MASS AND MAGNETIC DISTRIBUTIONS IN SELF-GRAVITATING SUPER-ALFVENIC TURBULENCE WITH ADAPTIVE MESH REFINEMENT

In this work, we present the mass and magnetic distributions found in a recent adaptive mesh refinement magnetohydrodynamic simulation of supersonic, super-Alfvenic, self-gravitating turbulence. Power-law tails are found in both mass density and magnetic field probability density functions, with P(rho) proportional to rho(-1.6) and P(B) proportional to B-2.7. A power-law relationship is also found between magnetic field strength and density, with B proportional to rho(0.5), throughout the collapsing gas.
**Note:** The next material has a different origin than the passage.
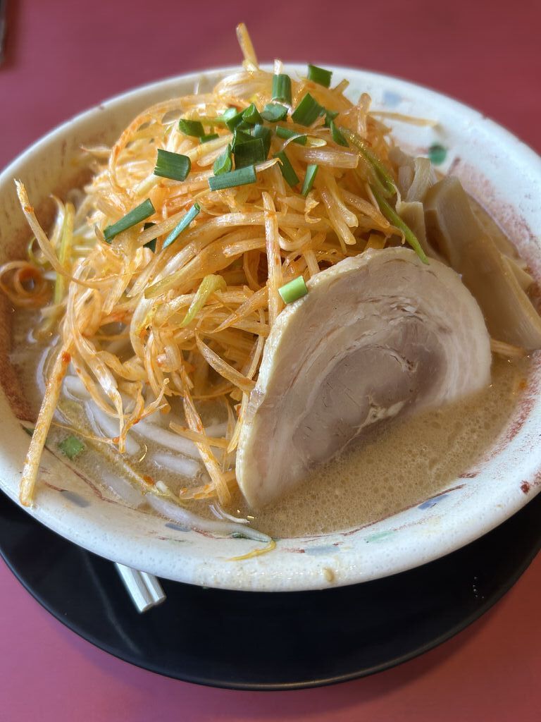 ある頻度で無性に食べたくなりますね。甘い味噌味の野菜ラーメン。今日はネギ、もやし満載のネギラーメン。甘めの味噌スープにネギの辛味がマッチ。それにしてもネギもやしがたっぷりでなかなか麺に辿り着きません。これも旨いです^_^ (訪問:2026/04/08)

The mass distribution of gravitationally bound cores is shown to be in excellent agreement with recent observation of prestellar cores. The mass-to-flux distribution of cores is also found to be in excellent agreement with recent Zeeman splitting measurements. We also compare the relationship between velocity dispersion and density to the same cores, and find an increasing relationship between the two, with sigma proportional to n(0.25), also in agreement with the observations. We then estimate the potential effects of ambipolar diffusion in our cores and find that due to the weakness of the magnetic field in our simulation, the inclusion of ambipolar diffusion in our simulation will not cause significant alterations of the flow dynamics.